From: karl williamson (public@khwilliamson.com)
Date: Mon Jul 26 2010 - 21:24:05 CDT
Asmus Freytag wrote:
> On 7/25/2010 6:05 PM, Martin J. Dürst wrote:
>>
>>
>> On 2010/07/26 4:37, Asmus Freytag wrote:
>>
>>> PPS: a very hypothetical tough case would be a script where letters
>>> serve both as letters and as decimal place-value digits, and with modern
>>> living practice.
>>
>> Well, there actually is such a script, namely Han. The digits (一、 
>> 二、三、四、五、六、七、八、九、〇) are used both as letters and as 
>> decimal place-value digits, and they are scattered widely, and of 
>> course there are is a lot of modern living practice.
> Martin,
> 
> you found the hidden clue and solved it, first prize :)
> 
> They do not show up as gc=Nd, nor as numeric types Digit or Decimal.
> 
> The situation is worse than you indicate, because the same characters 
> are also used as elements in a system that doesn't use place-value, but 
> uses special characters to show powers of 10.
> 
> However, as I indicated in my original post, in situations like that, 
> there are usually some changes in practice that took place.
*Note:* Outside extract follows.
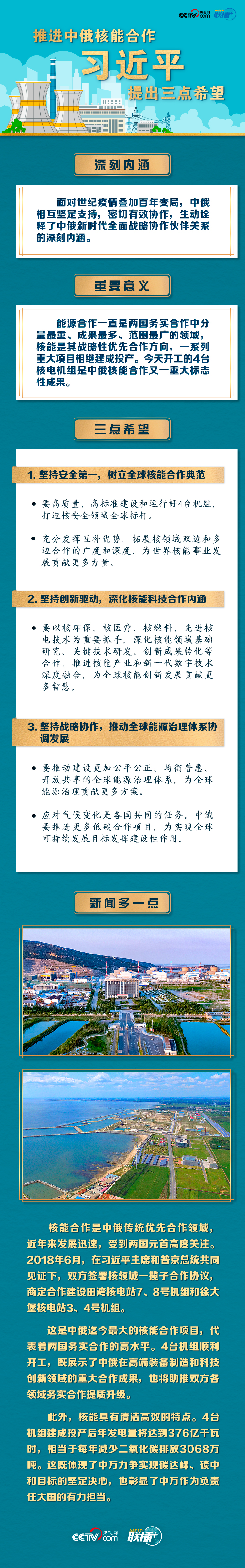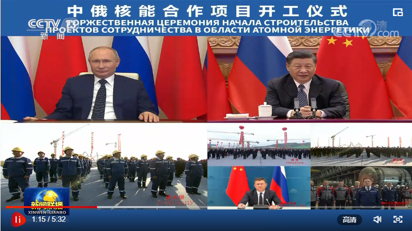 聯(lián)播+“今年是《中俄睦鄰友好合作條約》簽署20周年。我同普京總統(tǒng)商定,將在更高水平、更廣領(lǐng)域、更深層次推進雙邊關(guān)系向前發(fā)展。”5月19日,習(xí)近平主席在北京通過視頻連線,同俄羅斯總統(tǒng)普京共同見證兩國核能合作項目——田灣核電站和徐大堡核電站開工儀式。
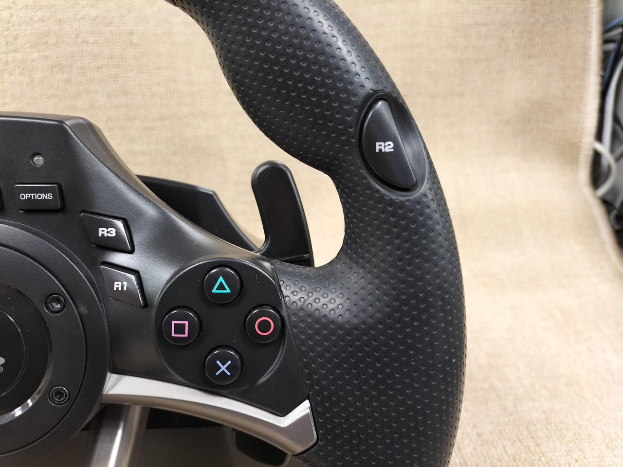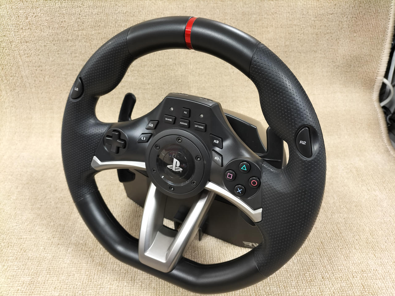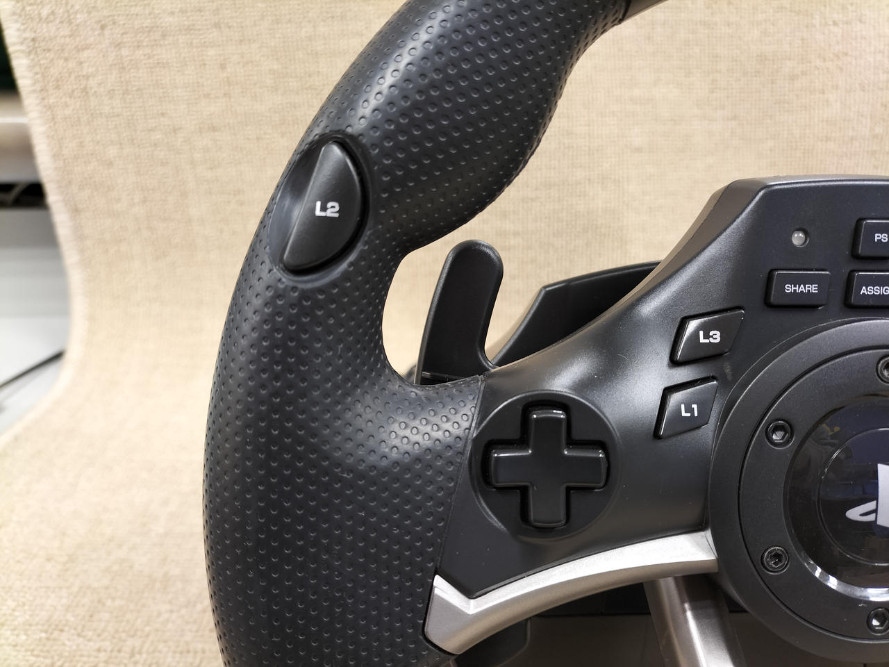 “レースに勝つ”ための操作と機能性を追求したステアリング型コントローラー。リアルな握り心地や操作感を体感し、より深くレースゲームの世界へ入り込んで頂ける様にデザイン設計。ステアリングを左右いっぱいに切るまでの間の入力値を7段階に調節することができます |

Much of the 
> living modern practice in these countries involves ASCII digits. While 
> the ideographic numbers are definitely still used in certain contexts, 
> I've not seen them in input fields and would frankly doubt that they 
> exist there. I would fully expect that they are supported as number 
> format for output, at least in some implementations, and, of course, 
> that input methods convert ASCII digits into them. In other words, I 
> wonder whether automatic conversion goes only one-way for these numbers. 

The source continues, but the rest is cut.